I can remember when the health community stated limiting our fat intake was a healthy way to go. Low fat diets became the fad. They did not differentiate the good vs the bad fats. Their purpose was to lower the intake of all fats. We switched to a low fat food diet. But the shift didn’t make us healthier, probably because we cut back on healthy fats as well as harmful ones.

Are fats really bad for us? According to Harvard Medical School our body needs some fat from food. It’s a major source of energy. It helps us absorb some vitamins and minerals. Fat is needed to build cell membranes, the vital exterior of each cell, and the sheaths surrounding nerves. It is essential for blood clotting, muscle movement, and inflammation. These are some of the functions of good healthy fats.

Monounsaturated fats and polyunsaturated fats are considered the good fats. Foods high in good fats include avocados, tofu, nuts, seeds, fish, olive oil, peanut butter, boiled soybean, flaxseed oil, cheese, and eggs. This list is by no means all inclusive. According to my food data.com good fat can help lower the risk of heart disease and stroke, lower bad LDL cholesterol levels, while increasing good HDL, lower blood pressure and triglycerides. The discovery that good fat could be healthful came from the seven countries study during the 1960s. Harvard medical school research revealed that people in Greece and other parts of the Mediterranean region enjoyed a low rate of heart disease despite a high-fat diet. The main fat in their diet, though, was not the saturated animal fat common in countries with higher rates of heart disease, It was olive oil, which is viewed as a good fat. This finding produced a surge of interest in olive oil and the “Mediterranean Diet”a style of eating regarded as a healthful choice today.

Trans fat (bad fat) according to the Mayo Clinic standard, is considered the worst type of fat you can eat. It is a byproduct of a process called hydrogenation that is used to turn healthy oils into solids and to prevent them from becoming rancid. Trans fats have no known health benefits and that there is no safe level of consumption, according to Harvard Medical School. Eating foods rich in trans fats increase the amount of harmful LDL cholesterol in the bloodstream and reduces the amount of beneficial HDL cholesterol. Trans fat create inflammation, which is linked to heart disease, stroke, diabetes, and other chronic conditions. They contribute to insulin resistance, which increases the risk of developing type 2 diabetes. Even small amounts of trans fats can harm health, for every 2% of calories from trans fat consumed daily, the risk of heart disease rise by 23%. Examples of foods that contain high levels of trans fats are stick margarine, fast foods, commercial baked goods (donuts, cookies, crackers), processed foods, and fried foods. Trans fats may pose a risk of developing certain cancers according to WebMD.

The last fat that comes under scrutiny is saturated fats. Saturated fats has both a positive and negative effect on our health. Researchers recommend saturated fat intake at the minimum because the scientific community generally accept it to be a biological necessity. In fact, saturated fat is so important, our body actually makes its own from carbohydrates via a process called de novo lipogenesis.
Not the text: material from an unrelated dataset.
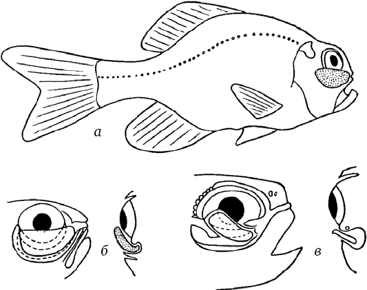 Рыбы со светоносными органами, связанными с глазами: а – Photoblepharon palpebratus; б – его голова в профиле и в разрезе, показывающих светопроизводящий орган и экран, его закрывающий; в – голова Anomalops katoptron, профиль и разрез. Видно светоносное приспособление и углубление, в которое оно может прятаться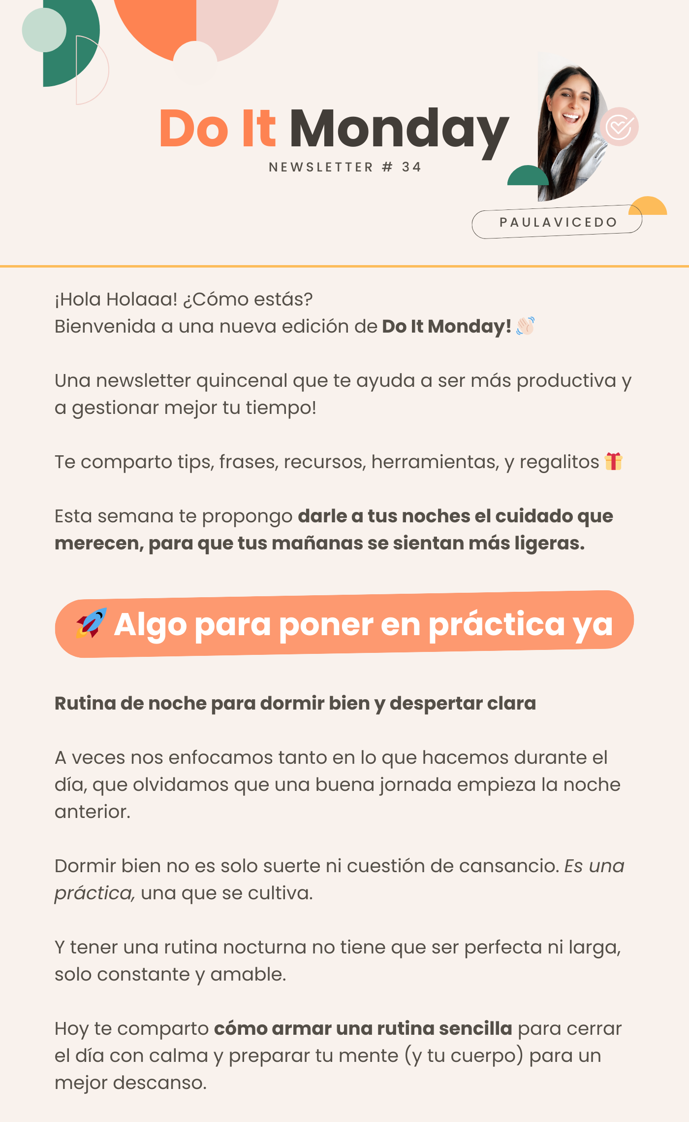 Do It Monday es una newsletter quincenal que te ayuda a ser más productiva y a gestionar mejor tu tiempo! En ella te comparto tips, frases, recursos, herramientas, y regalitos 🎁

Our body seeks homeostasis all the time and it couldn’t be more relevant when it comes to fatty acid balance. Saturated fats and unsaturated fats help promote optimal cell membrane fluidity where the former makes cell membrane less fluid and the latter, more fluid. The body needs saturated fat to produce hormones in our body. Hormones are responsible for muscle growth, bone health, and reproductive health. Fat, not just saturated fat, in general is also needed for organ protection and energy production not just for energy’s sake, but also for producing body heat by means of thermogenesis. Fat is also required by the body to digest, absorb, and transport vitamins A,D,E, and K because of their fat-soluble nature.

The negative side of saturated fats. While some saturated fat is necessary for your diet, about five or six percent of your average daily intake, according to the American Heart Association, too much saturated fat can raise cholesterol levels and increase your store of LDL, the type of cholesterol that causes plaque buildup in the arteries. Because of this correlation, it is possible that a diet rich in saturated fats can lead to health risks like heart disease, stroke or type 2 diabetes. The health hazards of high intakes of saturated fats, however, can depend on the type of food source they come from. For example, the National Institutes of Health found that processed meats can increase your risk of cardiovascular disease, while dairy may decrease it.